Data:
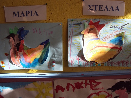 Οι κοτούλες μας …. συνεχίζουμε τα ζώα παράλληλα με τις απόκριες… Έκοψαν κότες από κανσόν, τις έβαψαν με νερομπογιές, μετά τις κόλλησαν σε Α4 και ζωγράφισαν τα πόδια και ό,τι άλλο ήθελαν τριγύρω.
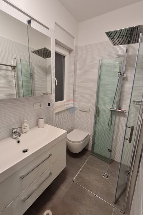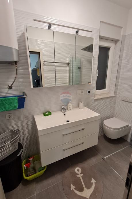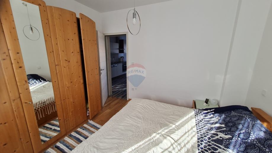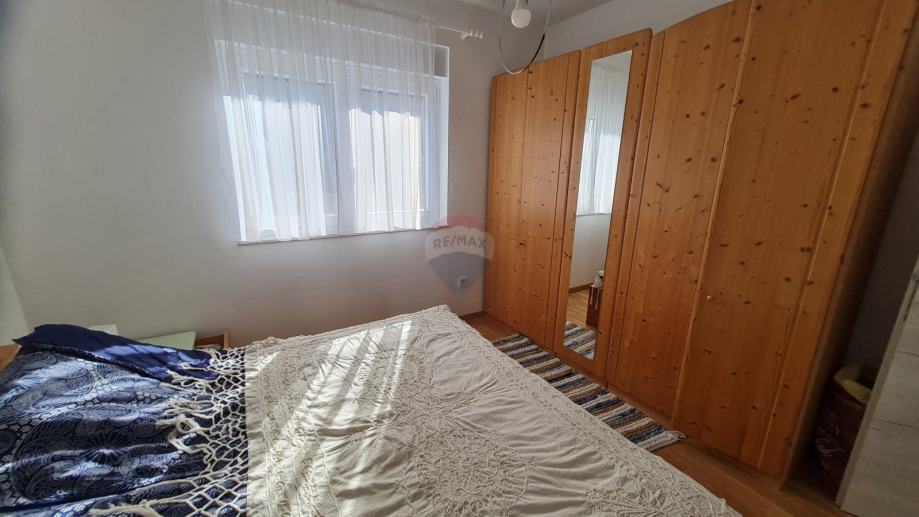 Unutarnjim stepenicama se izlazi na kat koji se sastoji od dvosobnog stana stambene površine 62 m2. Stan sadrži ulazni hodnik, kuhinju s blagovaonicom i dnevnim boravkom, terase površine 7,75 m2, dvije spavaće sobe i kupaonice.
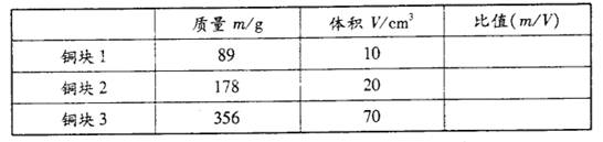 (2)小亮的实验是“探究同种物质的质量与体积的关系”,他选择了三个体积不同,质量分别为89 g、178 g、356 g的实心铜块做实验。实验中,他用每次都盛有30 cm3水的量筒分别测出了三个铜块的体积,并将数据记录在了自己设计的表格中。
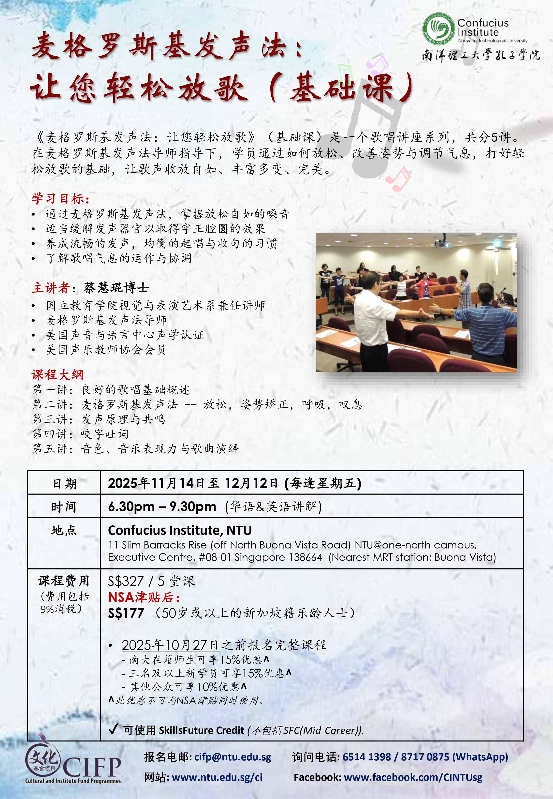 《麦格罗斯基发声法:让您轻松放歌 》是一个歌唱讲座系列,共分 5 讲 。在经验丰富的麦格罗斯基发声法专业老师指导下,学员通过如何放松 、改善姿势与调节气息,演练收放自如 、丰富多变 、音色完美的歌声,以了解轻松放歌的真谛 。
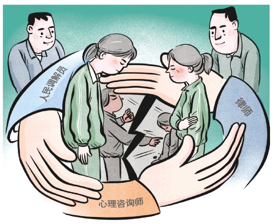 这起纠纷,表面是赔偿之争,内里却牵动两个孩子的成长与未来。它关乎钱,更关乎心;关乎眼下,更关乎长远。我和搭档刘绍明心里都清楚:单凭我们两张“婆婆嘴”,很难真正解决。于是,我们立即启动“三师协同”(人民调解员、律师、心理咨询师组成专项调解小组,协同解决矛盾纠纷)调解模式——由两名人民调解员牵头,律师董江山、心理咨询师任芳加入,迅速组成专项调解小组。三把“钥匙”同时转动,只为打开那扇紧锁的心门。
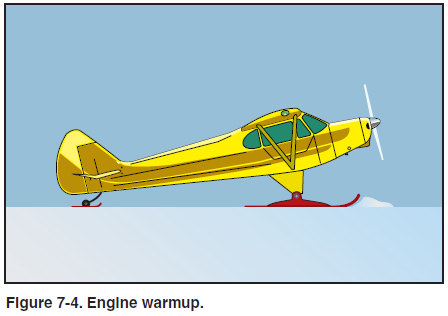 STARTING Adequately preheat the engine, battery, and the cockpit instruments before startup and departure. Sometimes engine oil may require heating separately. Check the manufacturer’s recommendation for starting the engine when ambient temperatures are below freezing. Batteries require special consideration. In cold climates a strong, fully charged battery is needed. With just a little cold-soaking, the engine may require three times the usual amperage to crank the engine. Another consideration is the electrolyte freezing point. A fully charged battery can withstand temperatures of -60 to -90° F since the electrolyte’s specific gravity is at a proper level. Conversely, the electrolyte in a weak or discharged battery may freeze at temperatures near 32° F. If a fully charged battery is depleted by an unsuccessful start, it may freeze as it cools to ambient temperature. Later, when the engine is started and the battery is receiving a charge, it could explode. After start, a proper warmup should be completed prior to a runup and high power settings. Perform the warmup according to the engine manufacturer’s recommendations. Some manufacturers recommend a minimum of 1,000 r.p.m. to ensure adequate lubrication. If the skiplane is parked on heavily crusted snow or glaze ice with the skis frozen to the surface, it may be possible to start the engine and perform the runup in the parking area. Be sure the area behind the skiplane is clear, so as not to cause damage with the propeller wash. If a ski should become unstuck during the runup, reduce power immediately. Then use one of the following procedures to secure the airplane. Tie down or chock the skiplane prior to engine start, warmup, and runup. Keep all ropes, bags, etc., clear of the propeller. After warmup is complete, and if no assistance is available, shut down the engine to untie and unchock the skiplane, then restart as quickly as possible. If a post, tree, boulder, or other suitable object is available, tie a rope to an accessible structural component in the cockpit, take the end around the anchor object, bring it back to the cockpit, and tie it off with a quick-release knot. When the warmup and runup are complete, release the knot and pull the rope into the cockpit as the skiplane begins to taxi. If tiedowns or chocks are not available, build small mounds of snow in front of each ski. The mounds must be large enough to prevent the skiplane from taxiing over them during engine start and warmup, but small enough to allow taxiing when power is applied after the warmup is complete. If tiedowns or means to block the skis are not available, the runup can be accomplished while taxiing when clear of obstacles or other hazards. [Figure 7-4]
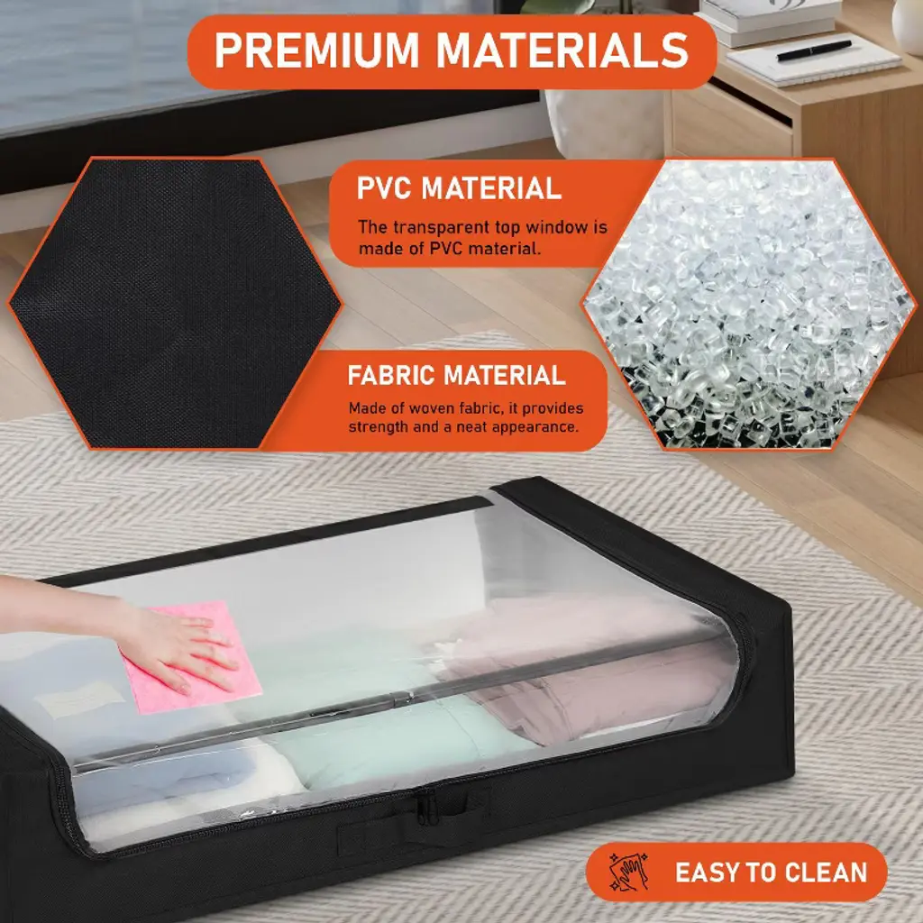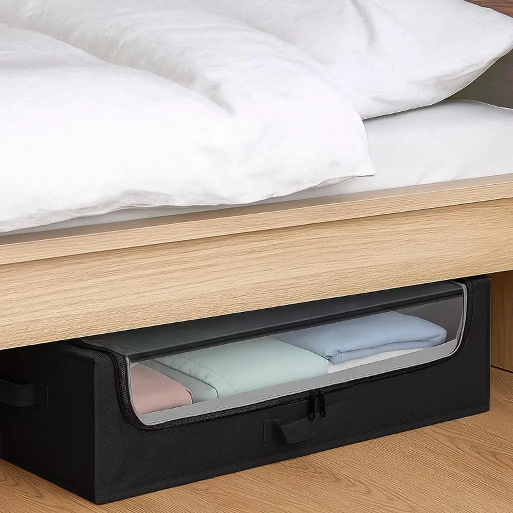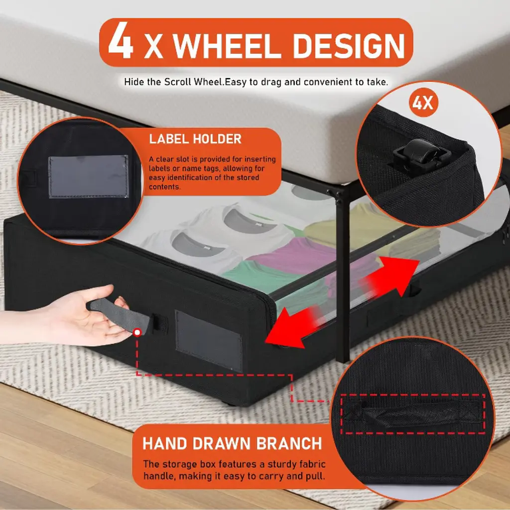 Maximize under-bed space with FDW 2-pack wheeled storage bins, designed for both portability and heavy-duty use. Smart Organization: The transparent PVC top and label slot let you track stored items at a glance—no more digging through bins for lost socks or holiday decor. urable Oxford Fabric: Wear-resistant and tear-proof with reinforced handles for heavy loads. Easy-Access Design: Clear dust-proof zipper cover + two-way zipper for quick retrieval. Ideal for small spaces—keeps items visible and organized.
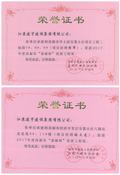 由高郵市建筑工程管理局和高郵市建筑業協會組織的2017年度高郵市“秦郵杯”建筑(裝飾、市政)優質工程評選結果日前揭曉,集團高郵公司承建的“高郵市學士園安置小區項目工程二標段7#、8#、9#樓”和“高郵市經濟開發區安置小區八期雙龍花苑4#、11#樓”兩項工程獲獎。
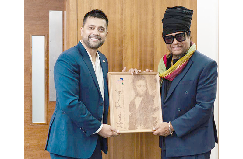 Maxi Priest and Faizal Khan with a signed Maxi Priest greenheart wooden engraved plaque created by Branderz Guyana
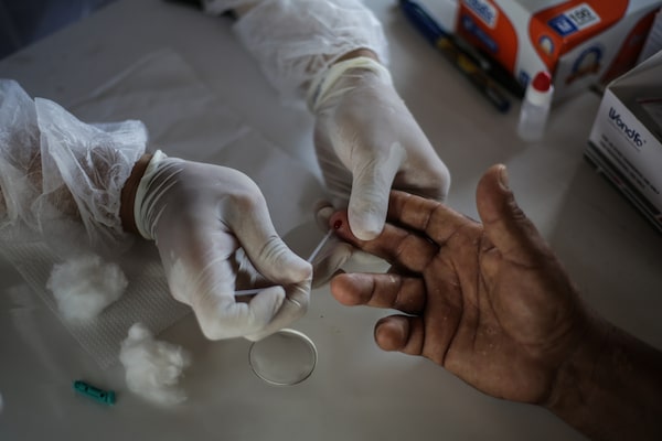 A nurse performs a coronavirus test on an indigenous man at Parque das Tribos community, on May 21, 2020 in Manaus, Brazil.Andre Coelho/Getty Images

How to complete this task:
Output the data exactly as it is, with the pictures dropped.

Your solution:
 Οι κοτούλες μας …. συνεχίζουμε τα ζώα παράλληλα με τις απόκριες… Έκοψαν κότες από κανσόν, τις έβαψαν με νερομπογιές, μετά τις κόλλησαν σε Α4 και ζωγράφισαν τα πόδια και ό,τι άλλο ήθελαν τριγύρω.
 Unutarnjim stepenicama se izlazi na kat koji se sastoji od dvosobnog stana stambene površine 62 m2. Stan sadrži ulazni hodnik, kuhinju s blagovaonicom i dnevnim boravkom, terase površine 7,75 m2, dvije spavaće sobe i kupaonice.
 (2)小亮的实验是“探究同种物质的质量与体积的关系”,他选择了三个体积不同,质量分别为89 g、178 g、356 g的实心铜块做实验。实验中,他用每次都盛有30 cm3水的量筒分别测出了三个铜块的体积,并将数据记录在了自己设计的表格中。
 《麦格罗斯基发声法:让您轻松放歌 》是一个歌唱讲座系列,共分 5 讲 。在经验丰富的麦格罗斯基发声法专业老师指导下,学员通过如何放松 、改善姿势与调节气息,演练收放自如 、丰富多变 、音色完美的歌声,以了解轻松放歌的真谛 。
 这起纠纷,表面是赔偿之争,内里却牵动两个孩子的成长与未来。它关乎钱,更关乎心;关乎眼下,更关乎长远。我和搭档刘绍明心里都清楚:单凭我们两张“婆婆嘴”,很难真正解决。于是,我们立即启动“三师协同”(人民调解员、律师、心理咨询师组成专项调解小组,协同解决矛盾纠纷)调解模式——由两名人民调解员牵头,律师董江山、心理咨询师任芳加入,迅速组成专项调解小组。三把“钥匙”同时转动,只为打开那扇紧锁的心门。
 STARTING Adequately preheat the engine, battery, and the cockpit instruments before startup and departure. Sometimes engine oil may require heating separately. Check the manufacturer’s recommendation for starting the engine when ambient temperatures are below freezing. Batteries require special consideration. In cold climates a strong, fully charged battery is needed. With just a little cold-soaking, the engine may require three times the usual amperage to crank the engine. Another consideration is the electrolyte freezing point. A fully charged battery can withstand temperatures of -60 to -90° F since the electrolyte’s specific gravity is at a proper level. Conversely, the electrolyte in a weak or discharged battery may freeze at temperatures near 32° F. If a fully charged battery is depleted by an unsuccessful start, it may freeze as it cools to ambient temperature. Later, when the engine is started and the battery is receiving a charge, it could explode. After start, a proper warmup should be completed prior to a runup and high power settings. Perform the warmup according to the engine manufacturer’s recommendations. Some manufacturers recommend a minimum of 1,000 r.p.m. to ensure adequate lubrication. If the skiplane is parked on heavily crusted snow or glaze ice with the skis frozen to the surface, it may be possible to start the engine and perform the runup in the parking area. Be sure the area behind the skiplane is clear, so as not to cause damage with the propeller wash. If a ski should become unstuck during the runup, reduce power immediately. Then use one of the following procedures to secure the airplane. Tie down or chock the skiplane prior to engine start, warmup, and runup. Keep all ropes, bags, etc., clear of the propeller. After warmup is complete, and if no assistance is available, shut down the engine to untie and unchock the skiplane, then restart as quickly as possible. If a post, tree, boulder, or other suitable object is available, tie a rope to an accessible structural component in the cockpit, take the end around the anchor object, bring it back to the cockpit, and tie it off with a quick-release knot. When the warmup and runup are complete, release the knot and pull the rope into the cockpit as the skiplane begins to taxi. If tiedowns or chocks are not available, build small mounds of snow in front of each ski. The mounds must be large enough to prevent the skiplane from taxiing over them during engine start and warmup, but small enough to allow taxiing when power is applied after the warmup is complete. If tiedowns or means to block the skis are not available, the runup can be accomplished while taxiing when clear of obstacles or other hazards. [Figure 7-4]
 Maximize under-bed space with FDW 2-pack wheeled storage bins, designed for both portability and heavy-duty use. Smart Organization: The transparent PVC top and label slot let you track stored items at a glance—no more digging through bins for lost socks or holiday decor. urable Oxford Fabric: Wear-resistant and tear-proof with reinforced handles for heavy loads. Easy-Access Design: Clear dust-proof zipper cover + two-way zipper for quick retrieval. Ideal for small spaces—keeps items visible and organized.
 由高郵市建筑工程管理局和高郵市建筑業協會組織的2017年度高郵市“秦郵杯”建筑(裝飾、市政)優質工程評選結果日前揭曉,集團高郵公司承建的“高郵市學士園安置小區項目工程二標段7#、8#、9#樓”和“高郵市經濟開發區安置小區八期雙龍花苑4#、11#樓”兩項工程獲獎。
 Maxi Priest and Faizal Khan with a signed Maxi Priest greenheart wooden engraved plaque created by Branderz Guyana
 A nurse performs a coronavirus test on an indigenous man at Parque das Tribos community, on May 21, 2020 in Manaus, Brazil.Andre Coelho/Getty Images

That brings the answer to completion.